Co-Experience

Co-Experience: Understanding user experiences in social interaction

This week I finished reading Co-Experience: Understanding user experiences in social interaction, by Katja Battarbee. This book is actually her Master’s Degree dissertation, from the University of Arts and Design in Helsinki, in 2004. The thesis here is that to study co-experience, experience prototyping should happen early in the process, in the real context of people who will interact with this experience. For me, it was very helpful to read this and to confirm my own approach to creating an interactive intervention: it’s all about context and people in the real world.

She talks about prototyping and the importance of it as part of the interaction design and experience design process. Personally, I think prototyping is quite fun! There is no “wrong” or “right” way of doing things -as it is a sketch, and through it, you are going to find out what works and what doesn’t. It’s fun to put yourself into people’s shoes and do whatever it is that you are analyzing or exploring. When we physically do things with our bodies (bodystorming, or whatever they call it), you go through steps that otherwise might been overlooked, and grasp a sense of proportions, scale, frequency, etc. When using cardboard and paper, or more high-fidelity prototyping, one can see the reach, possibilities and also shortcomings and things to consider in terms of input/output, scale, etc. And they pop right away.

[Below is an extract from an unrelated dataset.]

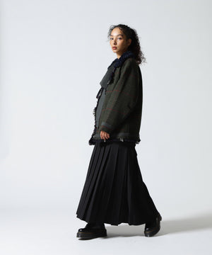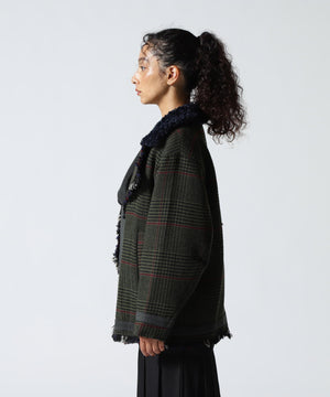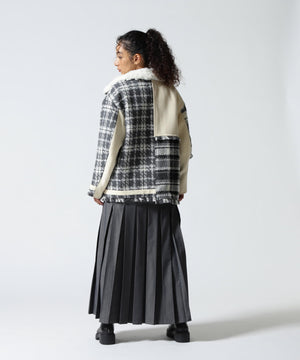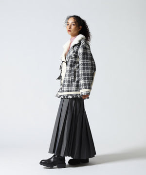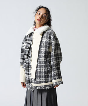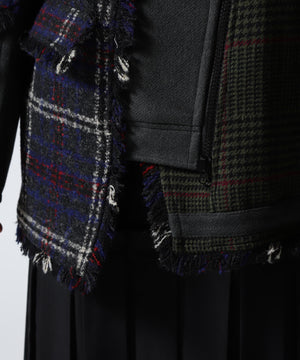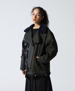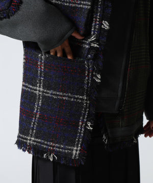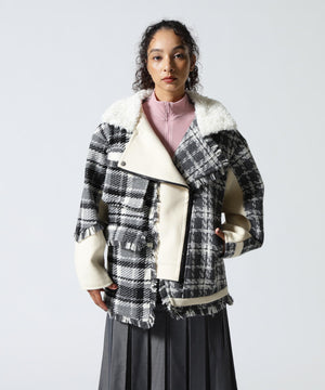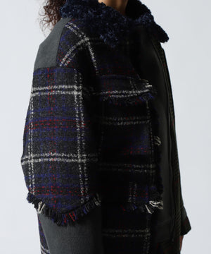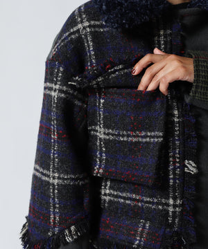 右身頃はツイードチェック生地のフリンジがアクセントになったフラップポケット付きジャケット。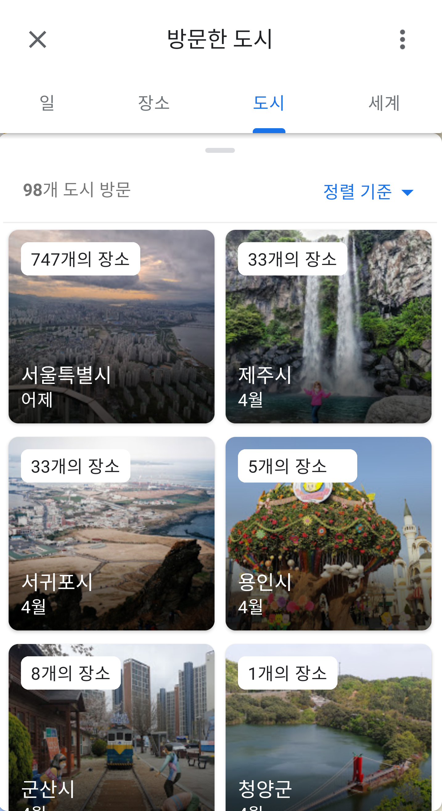 또한 이렇게 방문한 도시들도 모두 나오게 됩니다. 지금까지 방문한 도시들이 모~두 기록이 되어있네요.

The author also states that what is interesting is that “available technologies may be used in new, innovative ways for different, originally unintended purposes”. I couldn’t agree more, and this way of using technology as a tool is the approach I want to follow on my MA project. I discovered in this book  that with new technology and frameworks, people are put into the role of content developers. This is what is very important about interaction: the ability to control, modify, re-jig and adapt a system.

Co-experience is described as being:

  • social
  • multimodal
  • creative
  • for fun

All in all, a good read that made me think about the approach I want to take with my project.